— Кто ж его знает,— уклонился Онька от прямого ответа.
— Ага, значит, ты не хочешь отправлять их на скотомогильник? Тогда они тебя отправят,— захохотал Джмелик и поднялся из-за стола.
Немец посоловевшими глазами глянул на Гошку, на Джмелика, потом взял карабин и, сразу став сердитым, кивнул на дверь.
— Форан! — резко выкрикнул он и слегка толкнул прикладом Оньку.
Все столпились у дверей, и от всех несло самогонным перегаром.
— Какая есть теплая одежда — выкладывай,— лениво проговорил Гошка.— Собираем для немецкой армии.

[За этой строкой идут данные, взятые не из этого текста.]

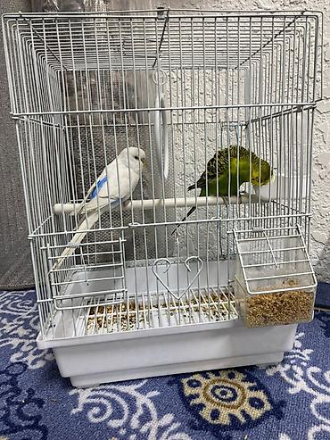 Большая клетка для мелких и средних птиц за 3000 сом. Попугаи за 1 штуку 1500 сом - Просторная прямоугольная клетка с фигурной крышей, металлические прутья светлого цвета. - Съемный глубокий подд...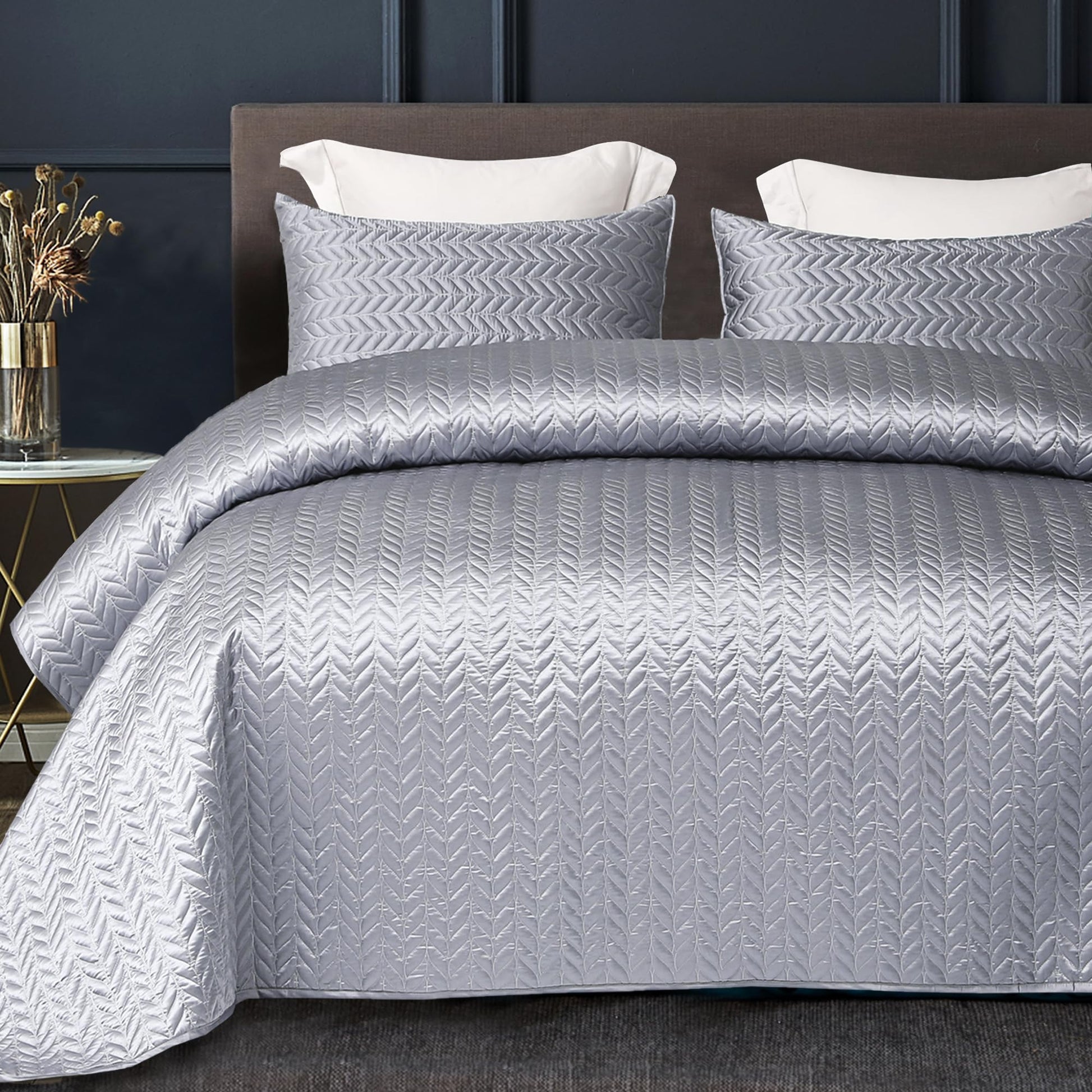 - Unique design: This ultra comfortable bedding set is double-side design. Top side of the coverlet is pure satin fabric quilted with leaf patterns, reflecting charming pearly lustre in the light. The other side is made of brushed fabric, which makes the bedspread more breathable and long lasting than cotton fabric. You could choose both side to cover as you like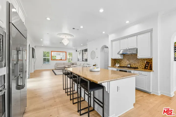 Step into this stunning 5-bedroom, 5.5-bathroom Chatsworth residence, nestled in the gated enclave of Stonehaven Estates. With just under 4,500 square feet of thoughtfully designed living space, this home blends luxury with everyday comfort. From the moment you enter, you notice the ceiling height sets a luxurious tone, guiding you into the elegant formal living and dining rooms, perfect for memorable gatherings and celebrations. The kitchen features upgraded stainless steel appliances, an oversized center island ready for culinary works, and a walk-in pantry large enough to make any chef swoon. Off the kitchen, discover a unique and private guest suite complete with its own living room, bedroom, and bathroom; ideal for visitors or extended family stays. The kitchen opens seamlessly into a sprawling family room, anchored by a beautiful entertainment center and fireplace. A chic powder room and an additional guest bedroom with a full bathroom complete the main floor. Head upstairs to find a spacious family lounge; your future game room, play area, or home theater awaits. The light-filled primary suite is a luxurious retreat with a generous walk-in closet and a spa-inspired bathroom. Three additional guest bedrooms and an upstairs balcony provide ample space, rounding out the second level. Step out back to your personal oasis: beautifully landscaped grounds and a charming gazebo set the stage for unforgettable outdoor entertaining or peaceful relaxation.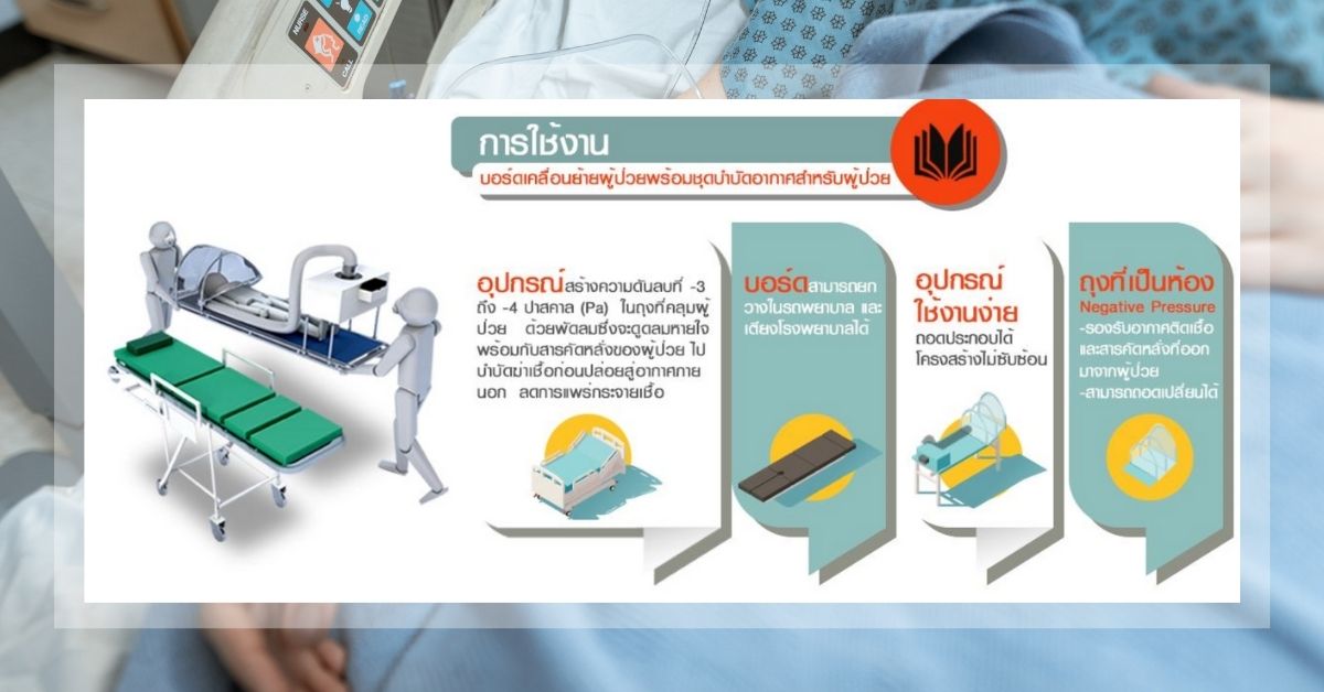 “บอร์ดเคลื่อนย้ายผู้ป่วยสำหรับผู้ป่วยโรคติดเชื้อทางเดินหายใจ” ได้รับการพัฒนาคิดค้นโดยเทคโนโลยีประกอบด้วย 3 ส่วน ได้แก่ ส่วนที่รองรับลมหายใจจากผู้ป่วย ส่วนที่นำพาอากาศที่ติดเชื้อเข้าสู่ชุดบำบัด และส่วนของการบำบัดอากาศ ทำให้เทคโนโลยีนี้สามารถใช้ป้องกันและควบคุมการแพร่เชื้อในขณะเคลื่อนย้ายผู้ป่วยโรคติดเชื้อทางเดินหายใจซึ่งสามารถแพร่เชื้อทางลมหายใจได้ นอกจากนี้ยังทำความสะอาดง่าย และใช้ได้ทั้งในโรงพยาบาล รถฉุกเฉิน และเตียงโรงพยาบาล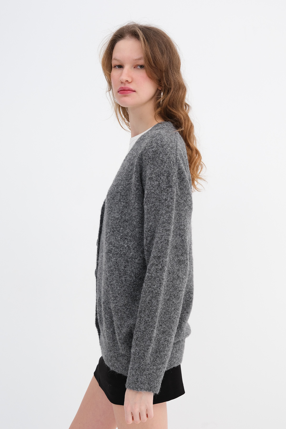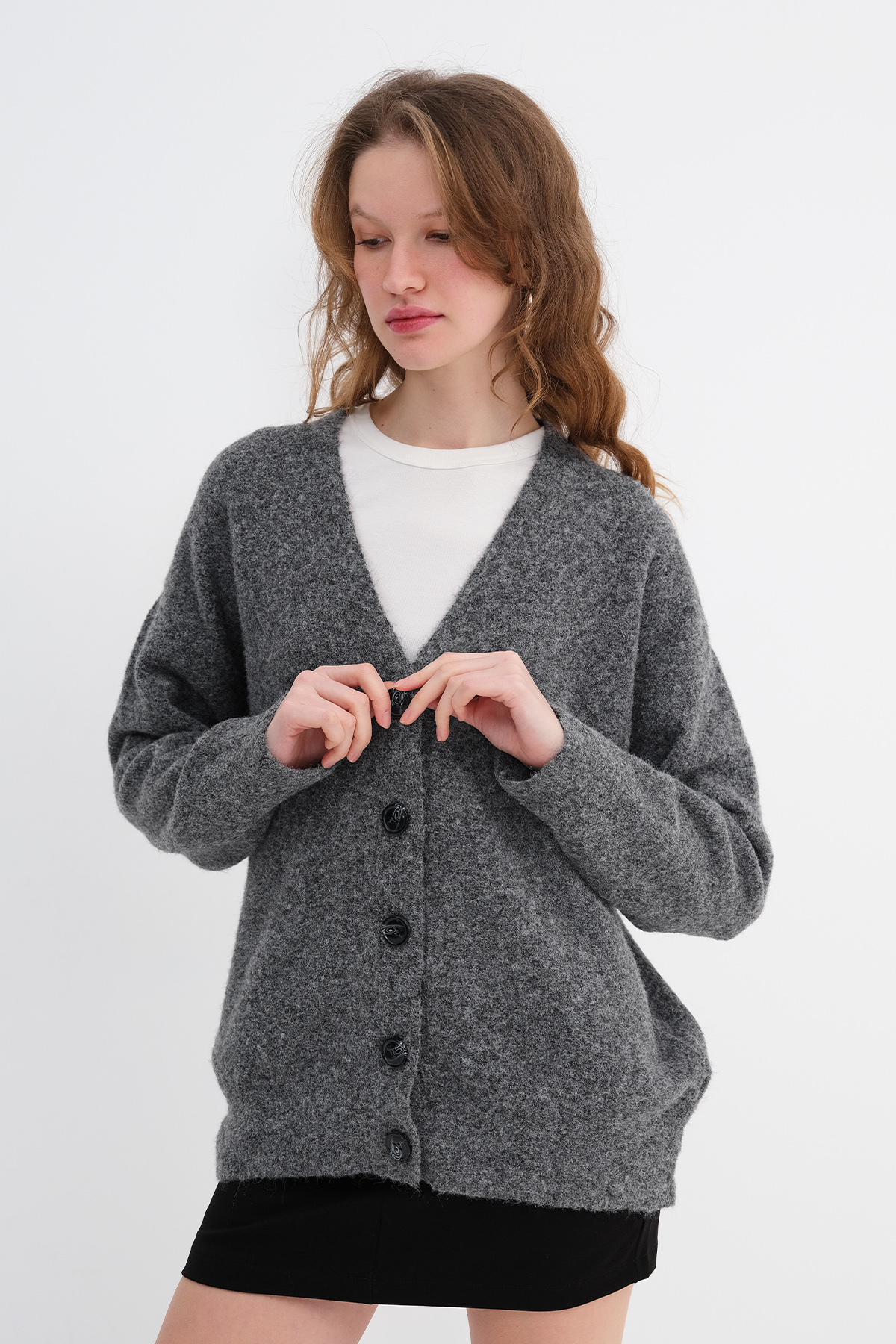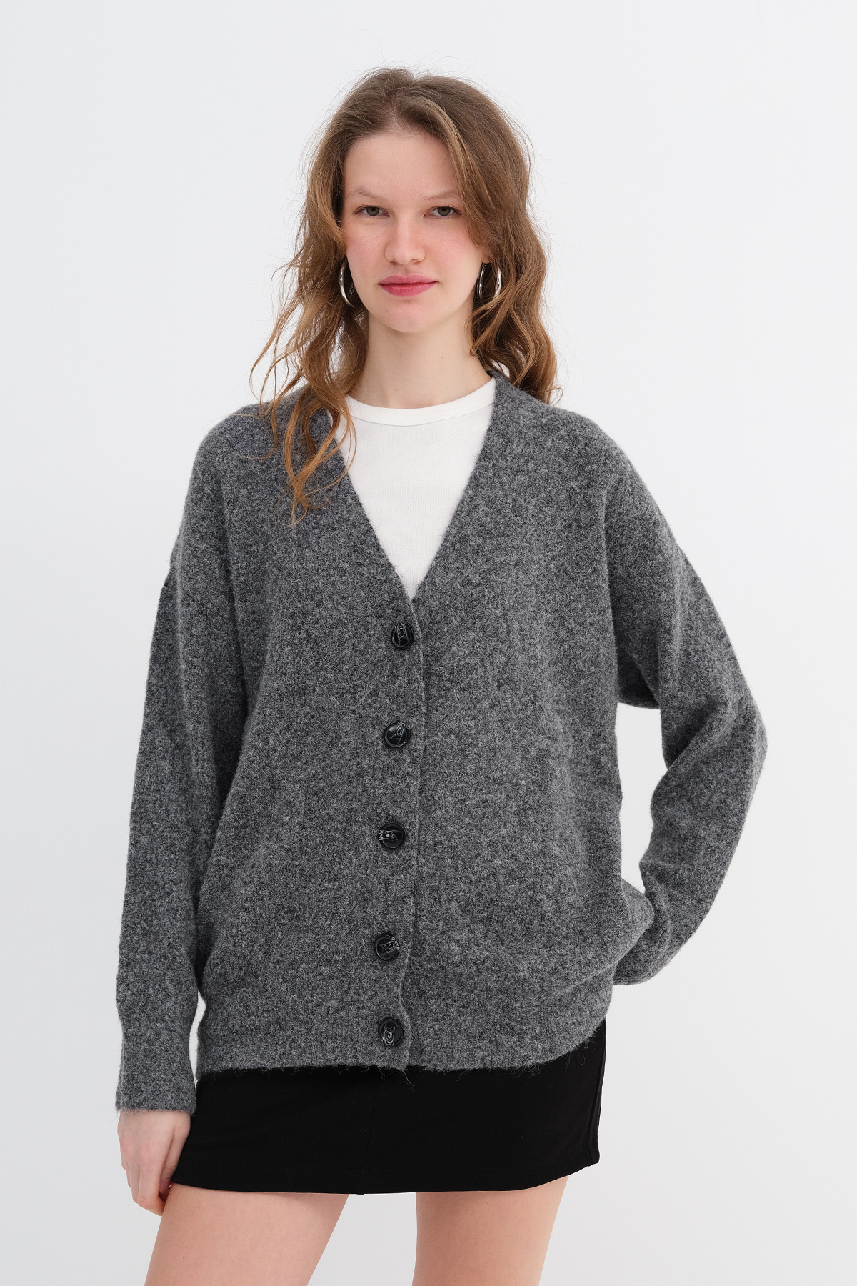 * Düz renk, rahat kalıp, düğmeli hırka,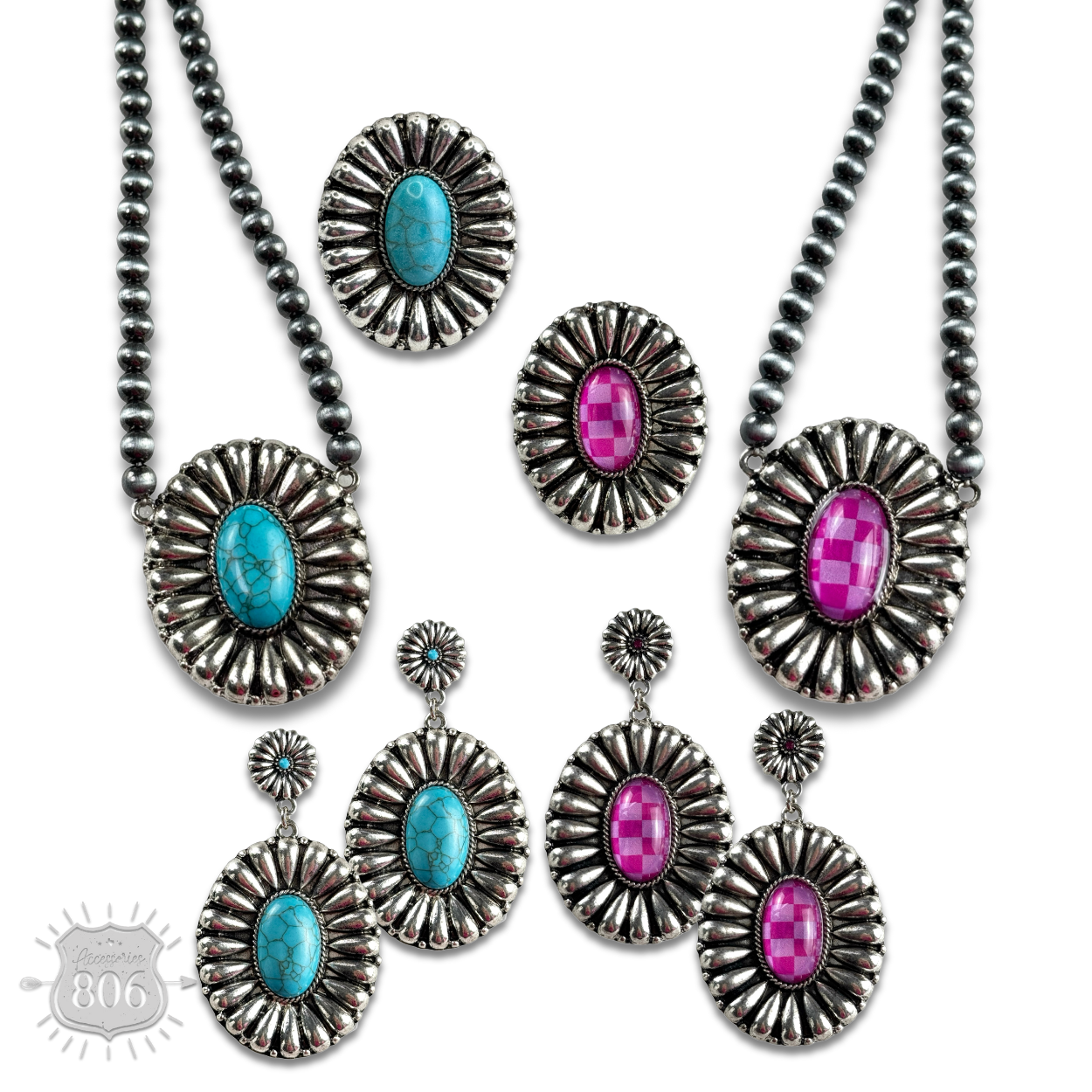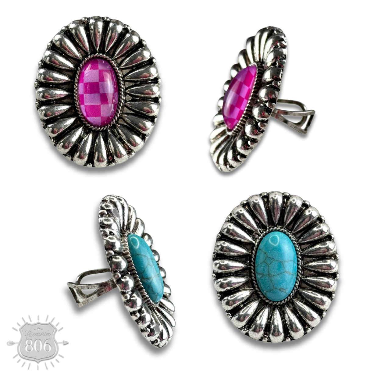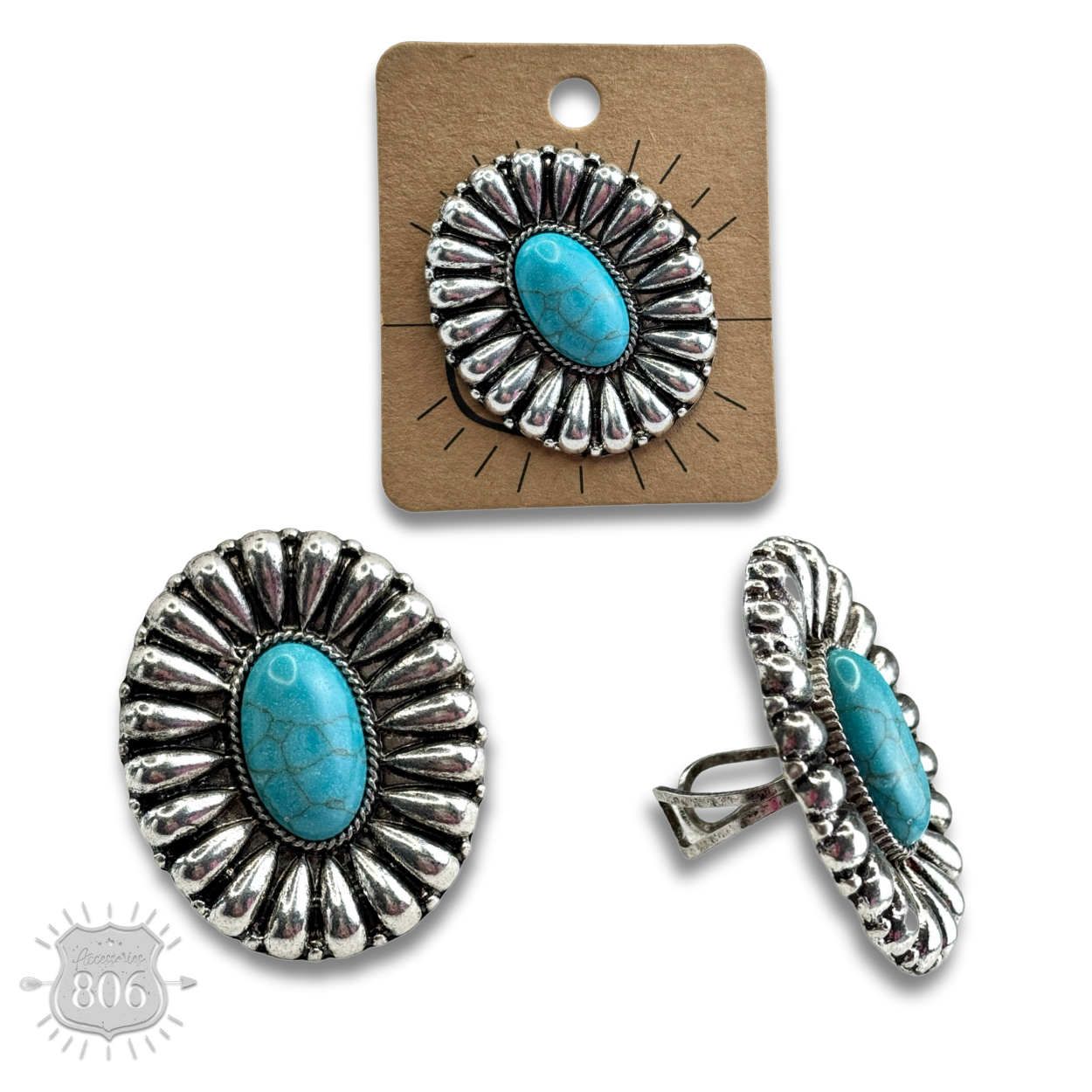 This adjustable base ring has a beautiful silver tone sunburst oval with an inlay center. The adjustable base makes it easy to wear.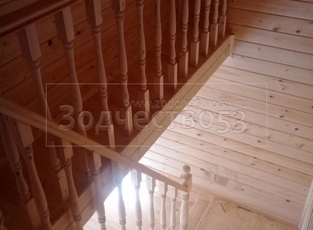 - Лестница:двухмаршевая с точёными балясинами,стартовыми столбами и перилами.

Онька жалобно замигал ресницами:
— Какая у меня одежда? Только и есть, что кожух…
Его никто не слушал, и немец с Гошкой принялись за дело. Гошка отбил прикладом замок от чулана, расчистил немцу дорогу. Тот подошел к сундуку, пощелкал языком, посвистел, осмотрел со всех сторон и стал вышвыривать из него добро. Полотно, полотно, полотно. Целые рулоны отбеленного на Ташани полотна. Немец одобрительно кивает, а Гошка швыряет на подводу. Джмелик стоит, опершись плечом о дверной косяк, дымит немецкой сигаретой, обдирает карабином мел со стены. Глаза его весело поблескивают: ему смешно смотреть, как переживает Онька.
— Обдирают как липку? Ну, это мы умеем…— и выходит во двор.
Немец заглядывает во все углы и выводит из хлева теленка, на котором от мороза дымится шерсть.
— Котлет, каррош котлет.— Он свистит от удовольствия и хлопает испуганного теленка по бокам.
Гошка привязывает его к телеге так, что он хрипит и мотает головой.
— Ослабь немножко,— просит Онька,— задушишь.
Но Гошка не слушает, и теленок стоит, напряженно вытянув шею.
— Чтоб быстрей топал,— гогочет Гошка и выезжает со двора.
Теленок спотыкается, хрипит, роет копытцами снег. У Оньки трясется борода, глаза наполняются слезами. Он стоит в воротах, жалкий и сгорбленный. Джмелик кричит, размахивая кубанкой:
— Готовь, старик, самогон! В другой раз хату жечь приедем.— И его зубы сверкают, как немецкие шипы на подметках.
«А шинелей и сапог не нашли. Черта пухлого! По ним топтались и не нашли,— торжествовал он, закрывая ворота.— А из теленка какая еда? Для доброго человека — на один борщ».
Но когда Онька закрыл ворота и прошелся по двору, возле хлева, настроение его переменилось.
— Грабители! —закричал он и огрел вилами корову.— А ты не могла спрятать свое дите куда-нибудь в уголочек, ведьма длиннохвостая?
Корова жалобно замычала. Онька еще раз огрел ее по лопаткам и ворвался в хату, как голодный волк, у которого из-под носа утащили добычу.
— А, шлендры заташанские, все у печи топчетесь? А ну, разлетайтесь по одной!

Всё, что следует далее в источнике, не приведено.